======== EXERCISE MATERIAL ========
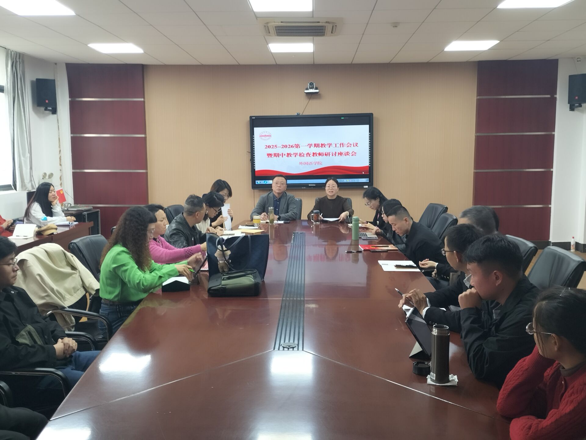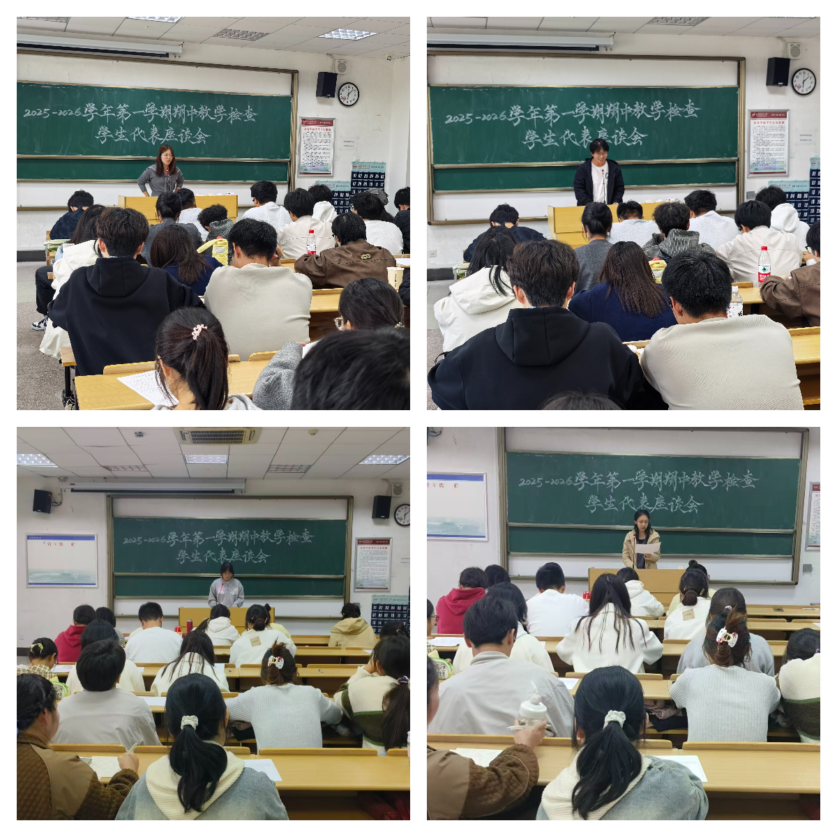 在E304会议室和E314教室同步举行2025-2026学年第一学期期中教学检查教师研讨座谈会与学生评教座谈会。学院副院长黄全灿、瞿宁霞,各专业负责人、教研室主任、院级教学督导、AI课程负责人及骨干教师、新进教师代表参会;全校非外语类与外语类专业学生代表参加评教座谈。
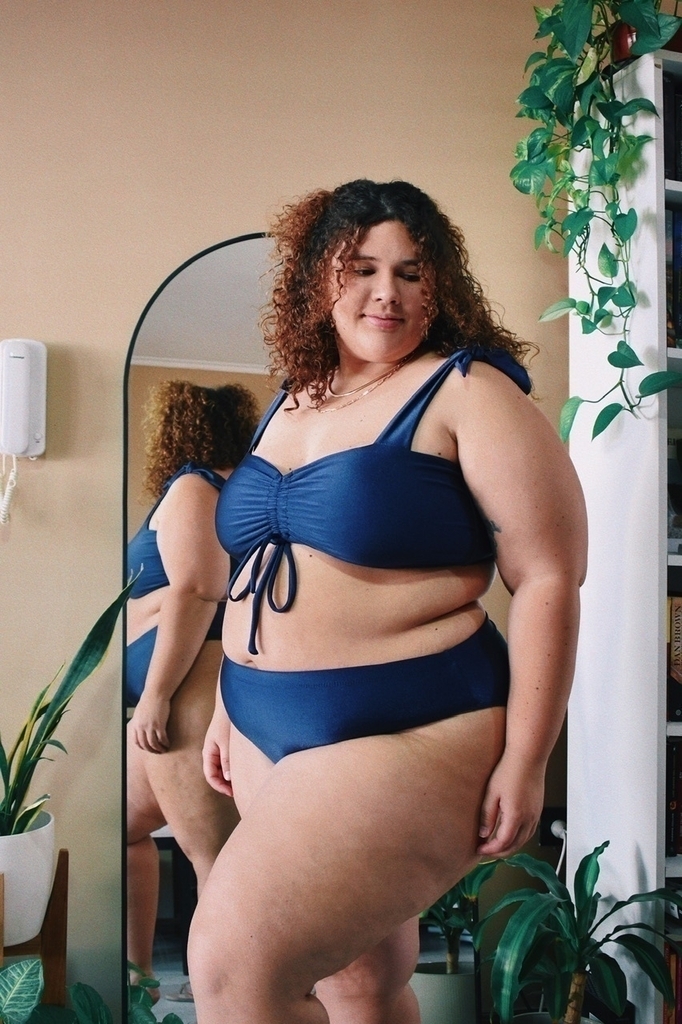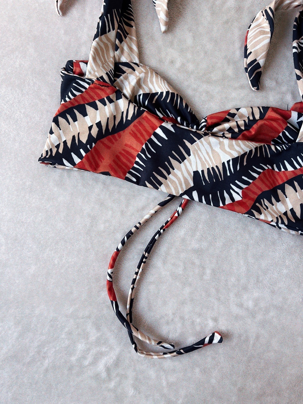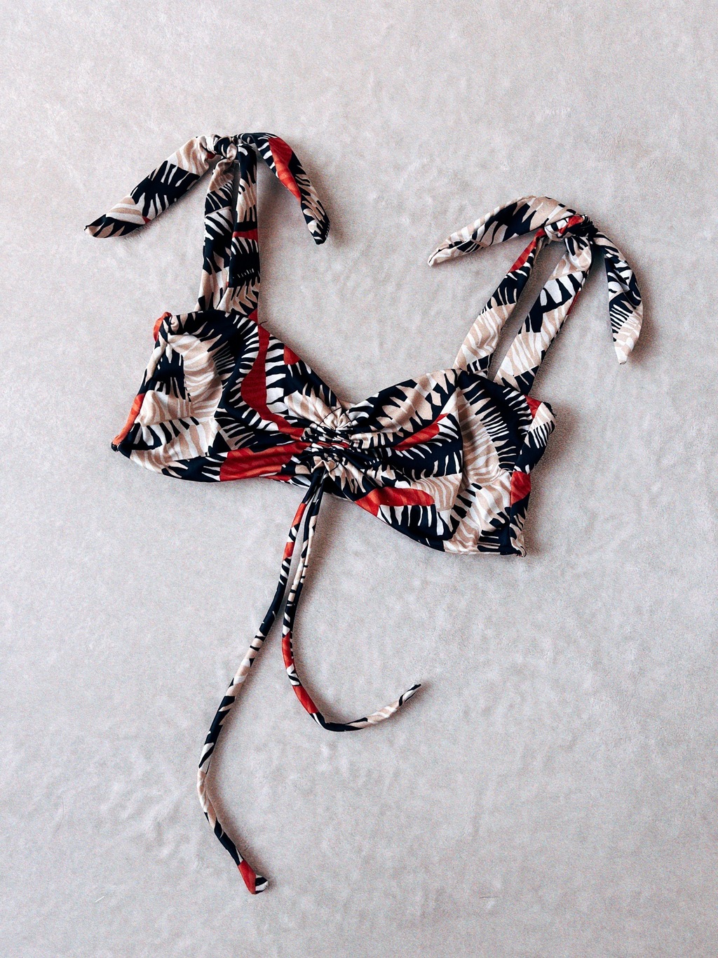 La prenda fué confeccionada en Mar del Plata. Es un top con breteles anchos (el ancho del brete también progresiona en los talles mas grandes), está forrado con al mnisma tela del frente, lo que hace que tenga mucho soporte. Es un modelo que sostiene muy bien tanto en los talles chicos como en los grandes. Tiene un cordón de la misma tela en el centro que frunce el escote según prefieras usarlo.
========
======== EXERCISE MATERIAL ========
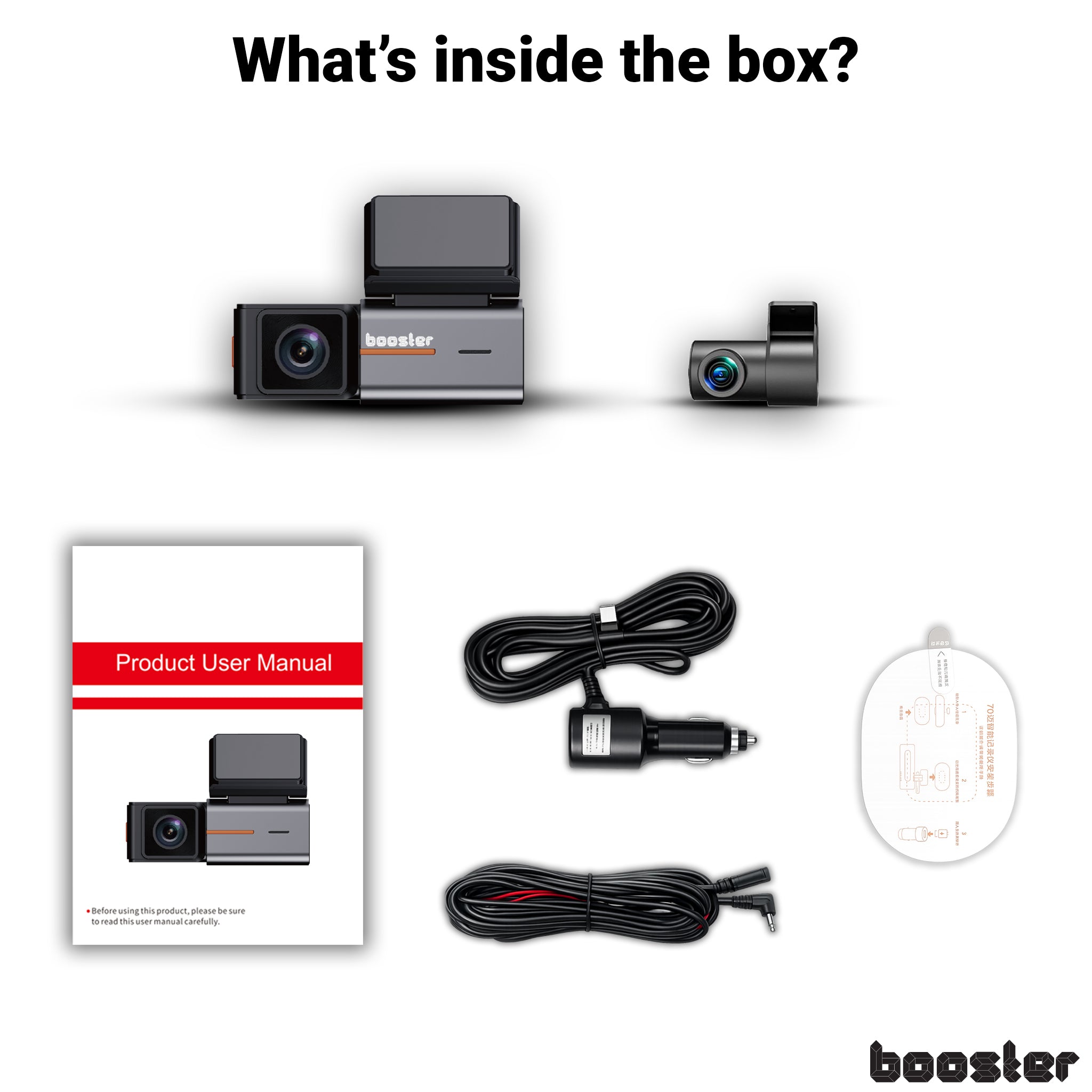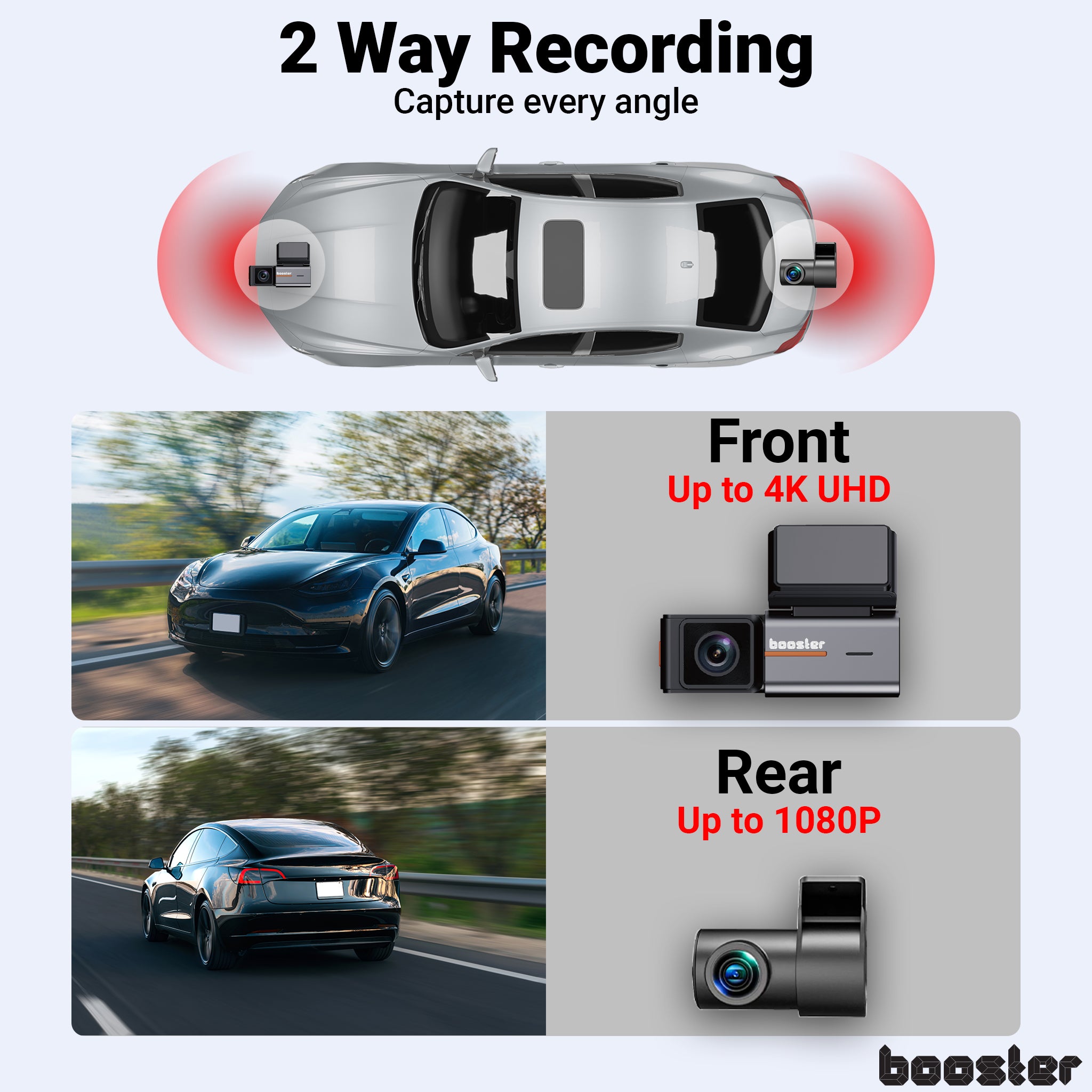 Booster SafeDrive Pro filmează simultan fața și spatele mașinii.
========
======== EXERCISE MATERIAL ========
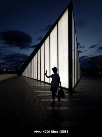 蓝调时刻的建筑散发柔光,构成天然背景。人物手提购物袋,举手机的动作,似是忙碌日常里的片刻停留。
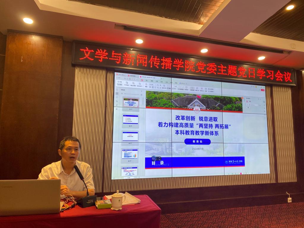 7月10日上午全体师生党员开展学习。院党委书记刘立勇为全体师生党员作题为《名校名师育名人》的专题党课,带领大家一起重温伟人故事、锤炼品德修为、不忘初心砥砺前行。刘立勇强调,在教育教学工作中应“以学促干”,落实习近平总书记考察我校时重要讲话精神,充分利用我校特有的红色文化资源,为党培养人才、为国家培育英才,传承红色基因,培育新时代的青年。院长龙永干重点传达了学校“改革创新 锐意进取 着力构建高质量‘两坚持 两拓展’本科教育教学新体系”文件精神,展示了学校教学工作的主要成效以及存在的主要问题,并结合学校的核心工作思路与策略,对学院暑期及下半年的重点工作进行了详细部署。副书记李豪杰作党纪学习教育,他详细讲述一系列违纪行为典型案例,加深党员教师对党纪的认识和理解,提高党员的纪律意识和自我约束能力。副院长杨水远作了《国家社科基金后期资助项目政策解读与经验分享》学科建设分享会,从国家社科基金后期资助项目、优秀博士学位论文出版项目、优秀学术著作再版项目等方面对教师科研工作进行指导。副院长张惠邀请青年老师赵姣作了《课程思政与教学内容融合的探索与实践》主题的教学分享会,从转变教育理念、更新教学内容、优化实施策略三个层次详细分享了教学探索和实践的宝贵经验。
========
DESCRIPTION OF THE TASK —
Although pictures appear among the records above, write out exactly only the lines from the one that has "在E304会议室和E314教" through the one that has "La prenda fué", and leave the pictures out.

TASK ANSWER —
 在E304会议室和E314教室同步举行2025-2026学年第一学期期中教学检查教师研讨座谈会与学生评教座谈会。学院副院长黄全灿、瞿宁霞,各专业负责人、教研室主任、院级教学督导、AI课程负责人及骨干教师、新进教师代表参会;全校非外语类与外语类专业学生代表参加评教座谈。
 La prenda fué confeccionada en Mar del Plata. Es un top con breteles anchos (el ancho del brete también progresiona en los talles mas grandes), está forrado con al mnisma tela del frente, lo que hace que tenga mucho soporte. Es un modelo que sostiene muy bien tanto en los talles chicos como en los grandes. Tiene un cordón de la misma tela en el centro que frunce el escote según prefieras usarlo.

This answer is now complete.